The Mommy Shame Game (alternate title: Let's Stop Being A**holes to Each Other)

As many of you have noticed, I try to be funny with this blog. Often I'm bitching, but I try to infuse some humor into my bitching. But sometimes you just have to have a good old-fashioned knock-down, drag-out, throw-the-book at 'em rant. This is one of those.



I am so fucking tired of mommy shaming. I had no idea the degree to which this goes on until the moment I became pregnant, at which point I was immediately bombarded by it via every conceivable channel. Have a sip of coffee during your pregnancy? Shame on you. Have a sip of decaf coffee? There might be a smidgen of caffeine left in it! Shame on you! Go for a run? Lift a weight? Eat too much? Not enough? For shame you selfish heathen! She who wantonly jeopardizes the health of her unborn child for her own happiness/sanity.

A digression... I will concede that smoking two packs of cigarettes, drinking to excess, or doing drugs during your pregnancy is stupid and selfish. Some lines are pretty clear. But back to my rant.

As soon as I had my daughter, a new wave of mommy shaming came to the fore. Breastfeeding? A must! Heaven forbid the little darling should get so much as a whiff of formula. And by the way, while you're breastfeeding, do not so much as dream of sugar, alcohol, caffeine, soy, or dairy products. Provide a pacifier in lieu of your nipple that she has literally sucked the skin off of? (I'm not kidding, this actually fucking happened) Never! You might mess up her latch/teeth/self-worth/OMG she'll still be pacifying in college.
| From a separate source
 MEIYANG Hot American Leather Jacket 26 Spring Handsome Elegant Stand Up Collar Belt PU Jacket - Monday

In my daughter's three short months of life, I have read a lot of mommy shaming posts. Some of them are actually mommies shaming themselves when all they were doing was the best they could based on the information available to them and the circumstances in which they found themselves. The particularly mommy in the article above considers her son's birthday the anniversary or her personal failure to prevent her own C-Section (can I get a "WTF?" ya'll?) Heartbreaking, and the result of a parenting culture that sets every single mother up to fail to live up to its impossible standards. 

Then tonight, I came across this article in The Washington Post's "On Parenting" section. The piece, written by a mom who started a night nurse service to help out other moms like herself (a complicated delivery of twins, a toddler at home, a husband with no paternity leave, and no family in the area). When a local news station ran a piece on her business about moms helping other moms, the amount of hate, vitriol and shaming that ensued for the mommies that had availed themselves of this assistance was staggering.
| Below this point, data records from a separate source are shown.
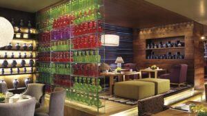 On the rooftop at level 15 is the famous bar Bang, incorporating the open air ambience with outdoor seating that becomes possible in Bangalore’s good weather. DJs, great view, funky cocktails, mezze platters, it is open only in the evenings from 5 to 11.30pm. Ritz Carlton Bangalore is one place with an impressive Champagne list. For a drunken soiree on a reunion with the batch of ’85, order the Pol Roger in a Balthazar bottle of 16 litres. For cuisine from the North-West Frontier Province, visit Riwaz, the interiors of which are by German high-end hotel interior design firm, Peter Silling & Associates.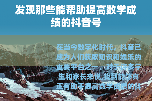 在当今数字化时代,抖音已成为人们获取知识和娱乐的重要平台之一,对于许多学生和家长来说,找到能够真正有助于提高数学成绩的抖音号无疑是一件非常有价值的事情。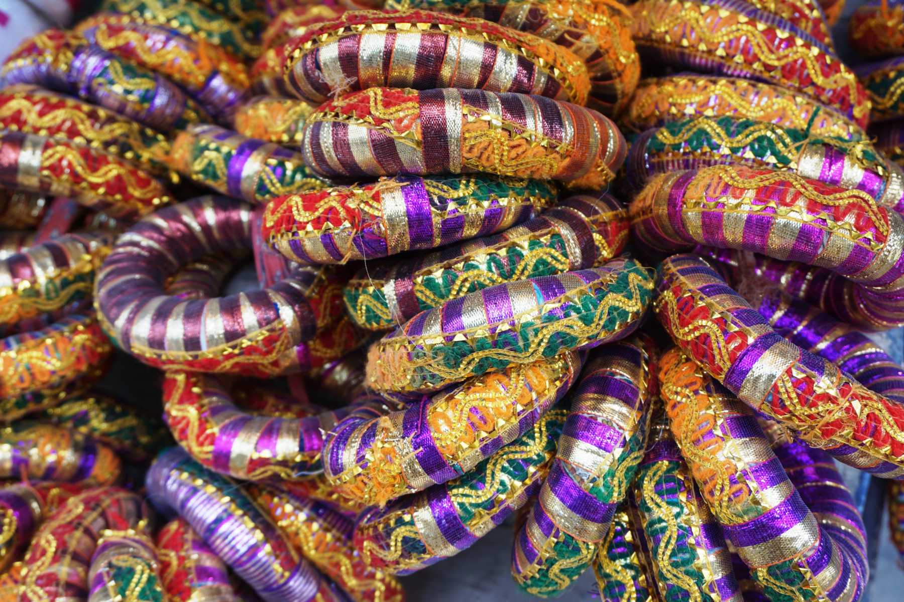 Stark riechende Kamellederwaren, stoffgebundene Bücher, geschnitzte Elefanten, messingglänzende Glöckchen, bestickte Schnabelschuhe, bunte Kleider in indischen und europäischen Variationen, fein verarbeiteter Silberschmuck – alles wird zwischen Gemüseständen und Futter suchenden Kühen angepriesen. Ja die Kühe, die sind wirklich überall. Kälber und Kühe gehen ja noch, doch wenn uns in der engen Gasse ein bulliger Stier mit mächtigen Hörnern gegenübersteht, wird das Gefühl etwas mulmig. Hoffentlich mag er die rote Bluse nicht. Sogar die Tempelblumen fressen sie auf. Der Verkäufer vom Gemüsestand dreht einer besonders lästigen Lisi den Schwanz um, damit sie Reissaus nimmt.

I'm sorry, but can we take a step back and remember that line we all love to trot out: "it takes a village"? Yeah, chew on that for a second. We constantly say "it takes a village" but the second you reach out for help, out comes the shame posse to remind you that it only takes a village if you fail as a mommy. Does a night nurse seem like a luxury to most Americans? Sure. Is it a luxury out of reach for most Americans? You bet. Does it mean it should be? HELL NO. As the author of that article points out, in most other developed countries, some degree of assistance is not only available, it's expected. It's part of the package. New parents, especially those with high-needs babies, medical complications, or other special circumstances, are provided with support and assistance in the form of someone else helping to physically take care of their baby.

Three months into parenthood, I consider myself incredibly lucky. I had a complication-free delivery. I have a healthy baby. I've been able to exclusively breastfeed with only minor hiccups along the way. My darling daughter sleeps well. My husband, Mark, and I are on the same page about how we parent, we're committed to prioritizing our marriage, and we're happy.
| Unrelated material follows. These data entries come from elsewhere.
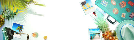 Traveler accessories on white background with empty space for text. Travel vacation concept. Summer background. Road frame set. Flat lay, top view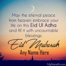 Add your name on Bakra Eid Mubarak status and make your WhatsApp status and Facebook story extra special and unique. Wish your friends and family in the best way with prayers.
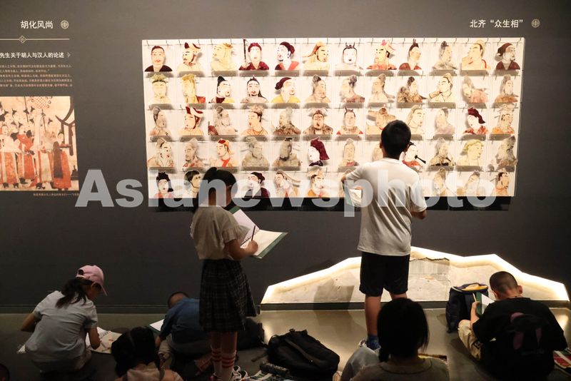 7月4日,小朋友在山西省太原北齐壁画博物馆馆内写生。

And do you know what? I feel guilty about this. I feel ashamed. I feel like I cannot say this to other moms because I don't want them to think I'm lording it over them, or faking my happiness. I somehow feel as though I'm not a member of the sorority because my hazing was insufficiently brutal. The culture of mommy-shaming in this country has reached the point that people are even ashamed to admit when everything is going right.

Our culture of shaming is turning into a culture of silence. Sure, The Internet has plenty to say, and it says it loudly, but real parents, in their real lives, are swallowing the truths of their parenting experiences because they are afraid of the judgement and shame that now seems inevitable and universal. It has to stop.